Give back exactly the lines starting at the one with "簡単に言うと、睡眠中に呼吸が" and ending at the last line of the data below. Pictures are not part of the copy.

[Items listed in a dataset]
****************
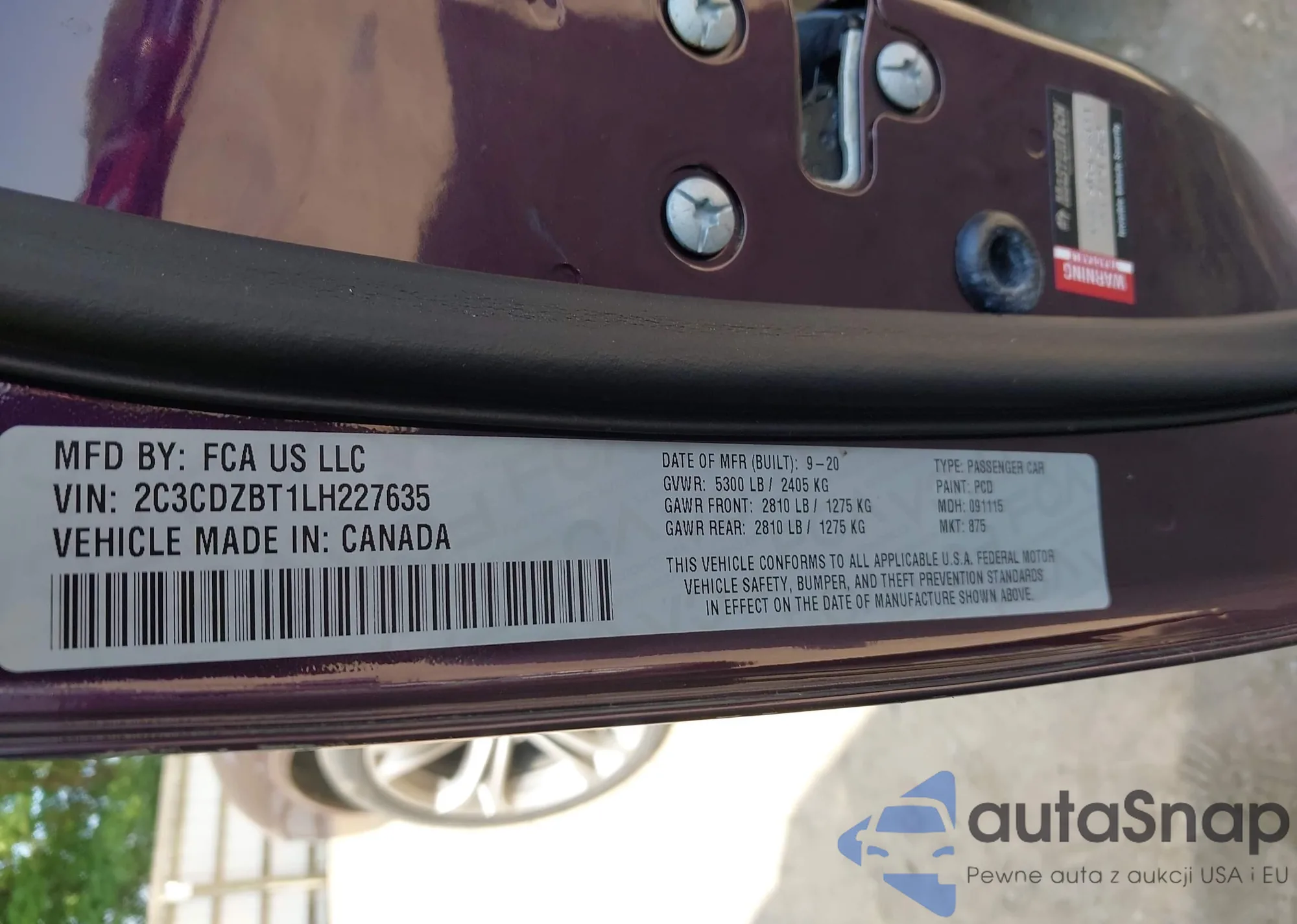 VIN: 2C3CDZBT1LH227635
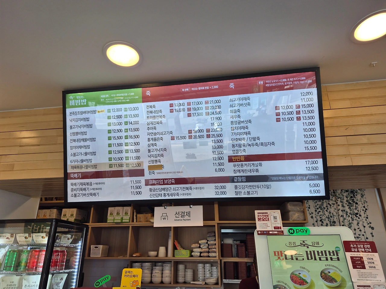 메뉴는 다양하다. 죽 외에 비빔밥, 뚝배기도 있다. 취향에 따라 먹어도 될 듯하다. 치과에서 7개 발치해서 고운죽을 먹으라고 난 선택여지 없이 그냥 쇠고기죽으로 골랐다.
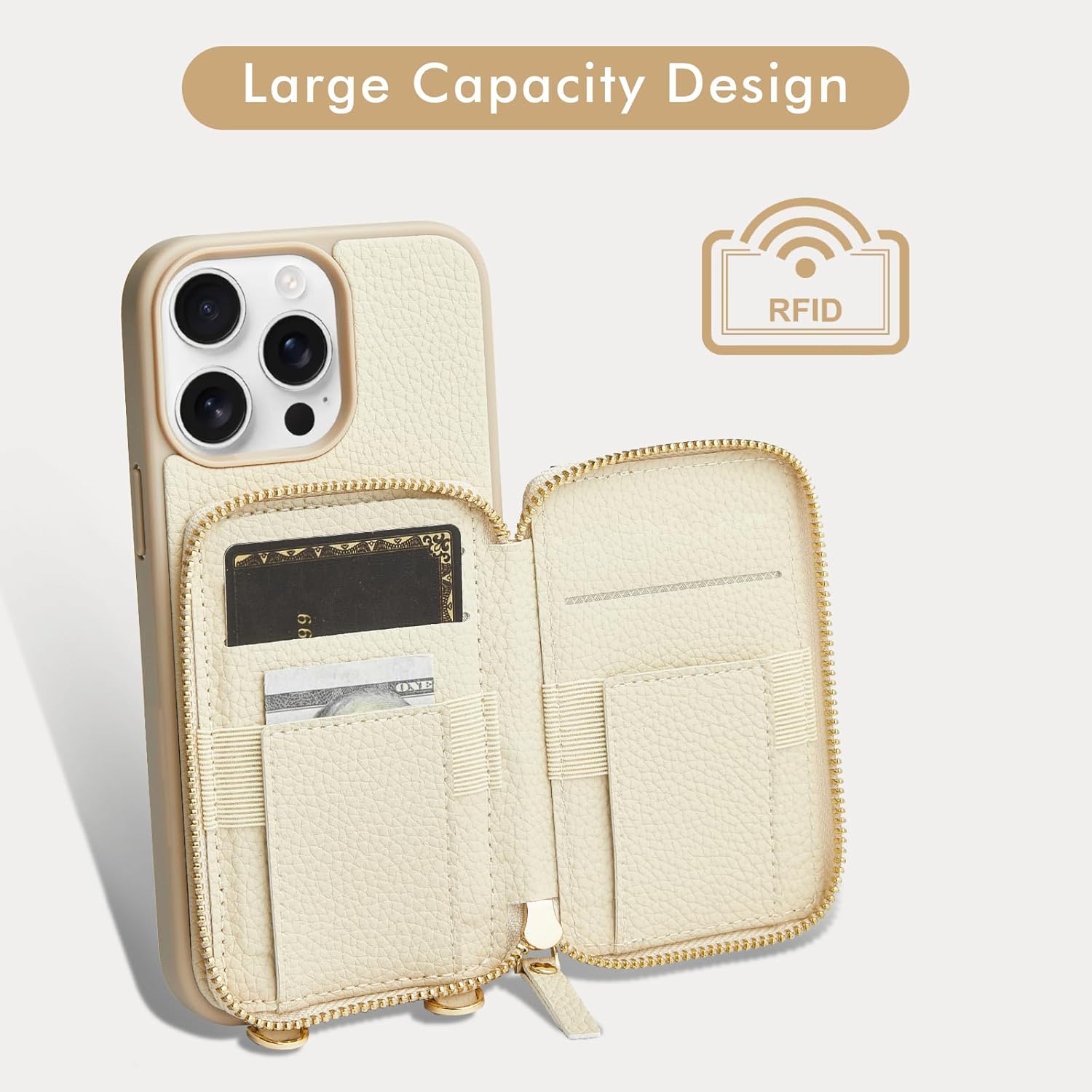 LAMEEKU for iPhone 15 Pro Wallet Case with Credit Card Holder, Zipper Leather Crossbody Case with Phone Grip Holder Stand Wrist Strap Lanyard for Women for Apple iPhone 15 Pro 6.1 inch Beige
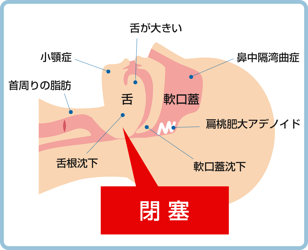 簡単に言うと、睡眠中に呼吸が出来なくなってしまうのは、気道(空気の通り道)が閉塞してしまうからです。
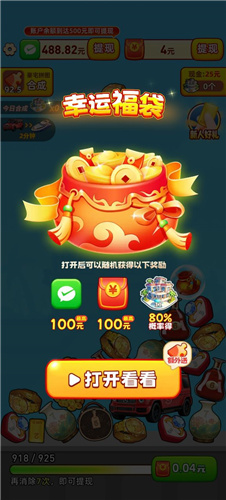 3、系统会每隔一段时间弹出幸运福袋,打开后就能获得红包、豪宅碎片等实用福利。
****************
[Answer section]
 簡単に言うと、睡眠中に呼吸が出来なくなってしまうのは、気道(空気の通り道)が閉塞してしまうからです。
 3、系统会每隔一段时间弹出幸运福袋,打开后就能获得红包、豪宅碎片等实用福利。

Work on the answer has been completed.